Different results w/ different K-Means nodes

Hi!
Any thoughts on why the K-Means node and the Weka Simple K-Means node provide such different results? Same data set, 500 max iterations, both nodes using Euclidean distance.

Cluster distribution w/ KNIME K-Means node:
image

Cluster distribution w/ Weka Simple K-Means node:

Thanks!

Hi,

It could come from the structure of your datas. How many columns/variables do you enter. Did you proceeded a PCA before the Kmeans. Tried to dectect an optimal number of groups before running ?

Best regards

Data is indexed then normalized (z-score) before running through K-Means.
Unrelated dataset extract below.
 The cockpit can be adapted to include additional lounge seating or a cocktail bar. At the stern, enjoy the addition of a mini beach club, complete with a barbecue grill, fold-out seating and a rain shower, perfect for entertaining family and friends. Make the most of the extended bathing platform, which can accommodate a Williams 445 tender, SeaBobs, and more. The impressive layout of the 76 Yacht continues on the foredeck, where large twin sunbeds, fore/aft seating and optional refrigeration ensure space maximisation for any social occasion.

There are 33 columns/variables… The number of clusters must be 4 as it’s what we deem the field can currently execute reliably.

If you proceed a PCA after your normalization and run the kmeans on the PCA values is there always a difference ?
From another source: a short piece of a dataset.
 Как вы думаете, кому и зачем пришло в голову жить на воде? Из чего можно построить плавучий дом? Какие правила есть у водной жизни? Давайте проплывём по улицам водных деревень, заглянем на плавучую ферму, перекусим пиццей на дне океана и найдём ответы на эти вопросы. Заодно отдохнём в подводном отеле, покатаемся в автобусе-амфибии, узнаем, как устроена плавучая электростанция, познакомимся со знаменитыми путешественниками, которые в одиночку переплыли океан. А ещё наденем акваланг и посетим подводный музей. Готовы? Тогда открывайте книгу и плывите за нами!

Sorry @Fabien_Couprie I’m not familiar with the term PCA?

Principal component analysis. With 33 columns potentially correlated, I recommend it. The distance in the Kmeans algorithm is euclidian distance, if your columns are correlated, you are not in cartesian coordinates. Even if Kmeans are robust to it, better to stay in the right way. I would have tested the optimum group number anyway to see if 4 is a good candidate according to the data structure. It can explain things as the algorithm cannot converge if the number of groups really don’t fit the data structure.

1 Like

Hi @Snowy

I am not sure about the K-means node in KNIME, but in general the K-means algorithm starts by randomly choosing a centroid value for each cluster. This may be an explanation for getting different results from both nodes.

gr. Hans

1 Like

Indeed, however over 500 iterations I would expect the cluster centers to align or be very close, which should produce a very similar distribution of cluster assignments.

1 Like

Hmmmm, not really, if there is no convergence, you obtain an alternance of different clustering repeatidly. That means there is no unique solution in that case. For example if your datas are completely spheric and uniformely distributed with the same distance between each point (I know this is rare but this is an example) you have 4 groups => where do you cut ?. You can also build a crosstab of your 2 solutions to identify strong and weak groups. By the way as the case is interesting can you send your datas or is there a confidentiality matter.

2 Likes

This topic was automatically closed 182 days after the last reply. New replies are no longer allowed.